■ What to do ■
Locate "Bolsa Basura Task" in the listing. Transcribe the line that contains it and every line that follows, through the last, omitting all pictures.

■ Provided data ■

Content starts

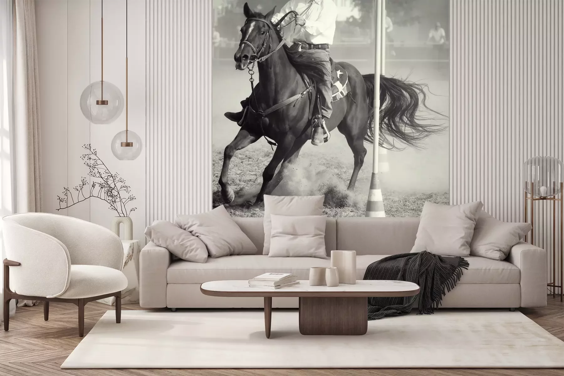 Het materiaal Premium+ is een gestructureerd vinyl op vlies met een gewicht van 255 g/m², dat kleine oneffenheden in de muur effectief camoufleert. De subtiele structuur van fijn zand geeft het oppervlak een exclusieve uitstraling, terwijl de halfmatte afwerking de diepte van de kleuren benadrukt. Het materiaal is dampdoorlatend, waardoor het ook in de keuken en badkamer kan worden gebruikt. De maximale breedte van één baan bedraagt 100 cm – bij grotere afmetingen wordt het fotobehang in meerdere gelijke banen verdeeld. De lijm wordt direct op de muur aangebracht en het behang wordt rand-aan-rand geplakt, wat zorgt voor een esthetisch resultaat zonder zichtbare naden. Het oppervlak kan gemakkelijk worden schoongemaakt door het voorzichtig af te nemen met een vochtige doek.
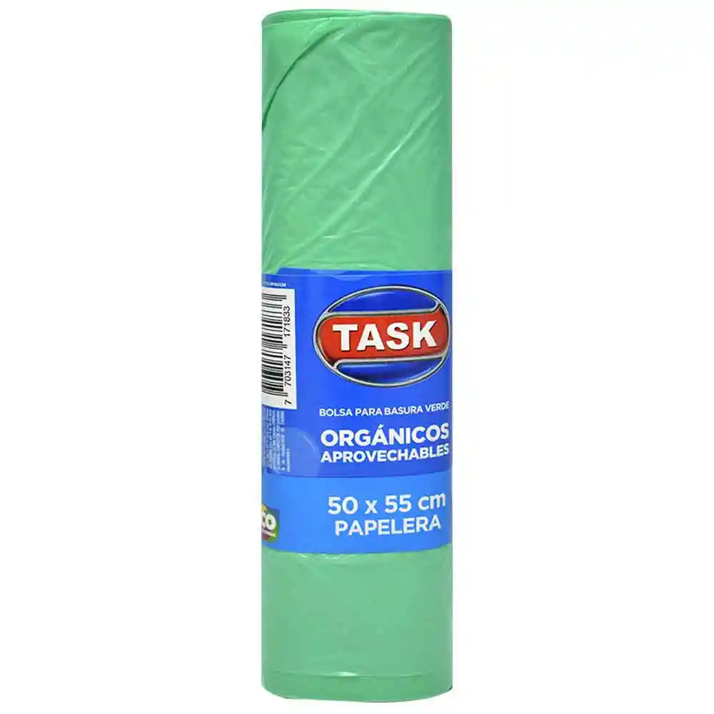 Bolsa Basura Task Rollo Verde Estas Bolsas Son Fabricadas 100% Con Material Reciclable, Se Utilizan De Color Verde Para Residuos Organicos(No Reciclables)
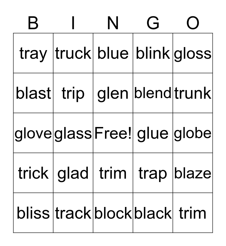 This bingo card has a free space and 24 words: glad, track, glen, bliss, gloss, tray, blast, truck, glue, trim, blend, glove, trap, blaze, trip, black, globe, blue, trunk, glass, trim, trick, blink and block.

Content ends

■ Completed exercise ■
 Bolsa Basura Task Rollo Verde Estas Bolsas Son Fabricadas 100% Con Material Reciclable, Se Utilizan De Color Verde Para Residuos Organicos(No Reciclables)
 This bingo card has a free space and 24 words: glad, track, glen, bliss, gloss, tray, blast, truck, glue, trim, blend, glove, trap, blaze, trip, black, globe, blue, trunk, glass, trim, trick, blink and block.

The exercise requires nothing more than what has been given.